▸ **Try it**:
Every line below from the one containing "新环境法规和航运脱碳分别从2" through the one containing "<B>Star Spangled Comics" is to be printed exactly, with the pictures omitted.

▸ **Dataset**:

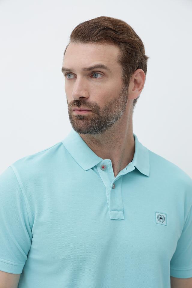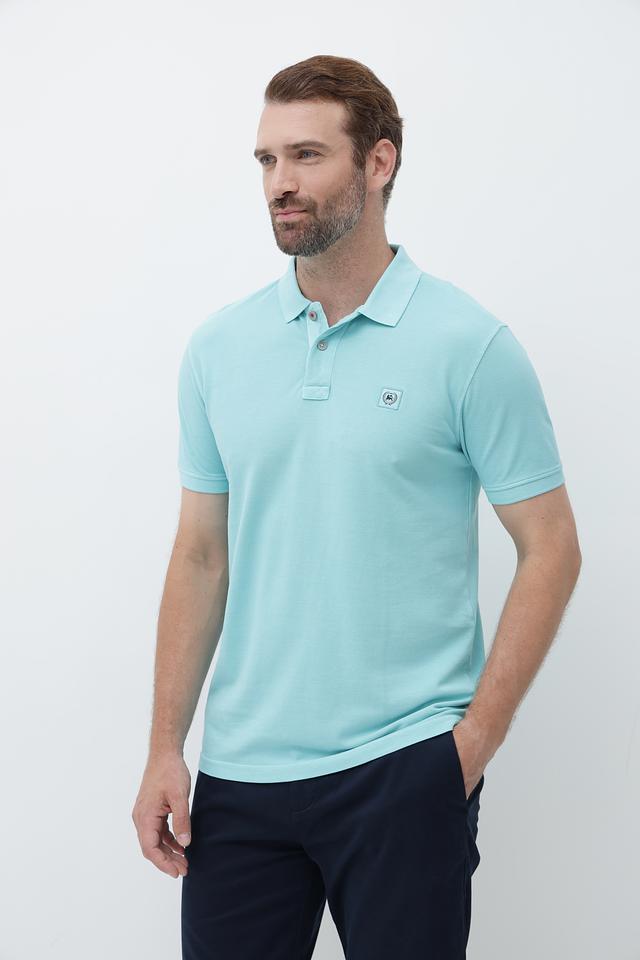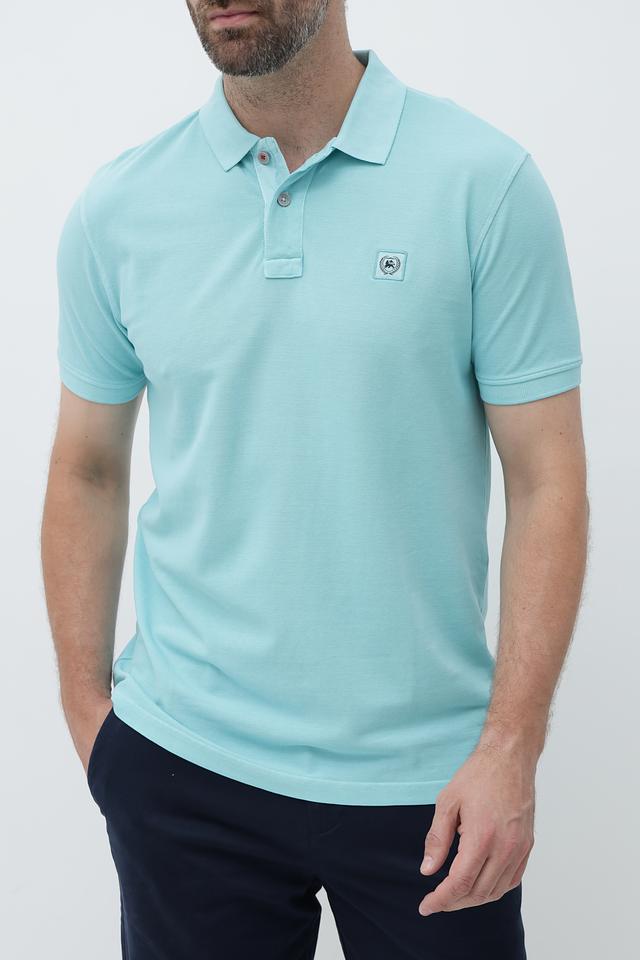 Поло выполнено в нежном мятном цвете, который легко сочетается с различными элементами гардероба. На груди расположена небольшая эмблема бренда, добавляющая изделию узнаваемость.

==

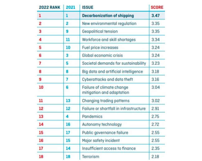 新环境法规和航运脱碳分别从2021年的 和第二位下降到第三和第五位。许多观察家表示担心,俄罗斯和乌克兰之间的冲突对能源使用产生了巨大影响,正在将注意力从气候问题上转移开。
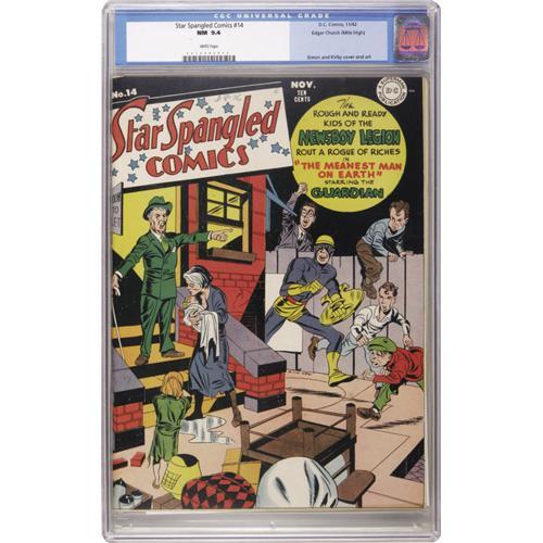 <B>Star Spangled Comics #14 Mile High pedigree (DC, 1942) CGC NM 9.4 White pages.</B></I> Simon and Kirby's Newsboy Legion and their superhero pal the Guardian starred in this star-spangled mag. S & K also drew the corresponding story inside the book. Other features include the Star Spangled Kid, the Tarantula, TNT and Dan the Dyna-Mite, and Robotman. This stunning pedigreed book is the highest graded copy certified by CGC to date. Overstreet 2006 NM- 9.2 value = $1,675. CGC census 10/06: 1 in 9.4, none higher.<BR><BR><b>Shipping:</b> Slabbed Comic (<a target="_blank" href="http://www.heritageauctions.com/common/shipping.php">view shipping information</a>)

▸ **Answer area**:
 新环境法规和航运脱碳分别从2021年的 和第二位下降到第三和第五位。许多观察家表示担心,俄罗斯和乌克兰之间的冲突对能源使用产生了巨大影响,正在将注意力从气候问题上转移开。
 <B>Star Spangled Comics #14 Mile High pedigree (DC, 1942) CGC NM 9.4 White pages.</B></I> Simon and Kirby's Newsboy Legion and their superhero pal the Guardian starred in this star-spangled mag. S & K also drew the corresponding story inside the book. Other features include the Star Spangled Kid, the Tarantula, TNT and Dan the Dyna-Mite, and Robotman. This stunning pedigreed book is the highest graded copy certified by CGC to date. Overstreet 2006 NM- 9.2 value = $1,675. CGC census 10/06: 1 in 9.4, none higher.<BR><BR><b>Shipping:</b> Slabbed Comic (<a target="_blank" href="http://www.heritageauctions.com/common/shipping.php">view shipping information</a>)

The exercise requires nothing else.